Тут, в ветхую дверь кто-то робко постучал.
Глава 30. Форменный ужас. А вы говорите – приключения.
30. Форменный ужас. А вы говорите – приключения.
Человечек шустро подбежал к связанной княжне. В три прыжка оказался у нее на коленях. Вытащил из заплечных ножен огромный для себя, но крохотный для княжны двуручный меч и принялся пилить веревку. Но, толи путы армированы, толи меч тупой, но получалось у него плохо. Что там говорить, хреново получалось. То тесть, вообще никак. Трудился минут двадцать, но видимого результата так и не достиг. Он и пилил, и рубил, и строгал… И узел подковырнуть пытался… И дергал, и двигал, и тянул... Взмок, умаялся, и рассмешил Данунашку. Вот и все.
На печи завозились, храп оборвался. Человечек с быстротой молнии спрятался в роскошной гриве княжны. Храп возобновился, человечек осторожно высунул из рыжих волос голову, осмотрелся, убедился в чем-то, и залез на плечо пленнице.
Зашептал на ухо:
- Я не могу. Заговоренные они… Веревки. И никто не сможет не развязать, не разрезать, только тот, кто связал. Прости.

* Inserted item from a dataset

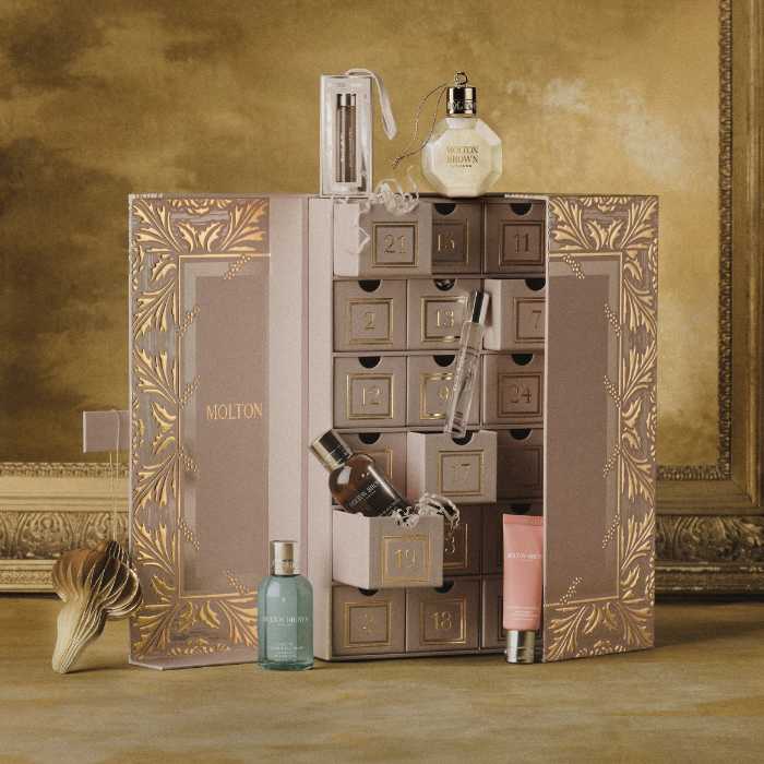モルトンブラウンの象徴ともいえる「アドベントカレンダー」(48,400円)は、毎日ひとつずつ引き出しを開けるたびに新しい香りが広がる特別な体験を届けます。

- А ты, кто? – шепотом спросила Данунашка. И с удивлением поняла – человечек говорил по-польски. И она ему, на том же языке ответила.
- Ну… Как тебе сказать… Гээм я. Только в отставке.
- Какой гээм? Или это имя? Гээм? А фамилия?
- Нет, не имя… Но можешь так и называть, не обижусь. Сейчас это не важно, а времени мало. Ведьма скоро проснется. Вон, ворочается, видно жарко ей на печи… Запомни три правила: не верь, не бойся, не проси. И выберешься. Ой…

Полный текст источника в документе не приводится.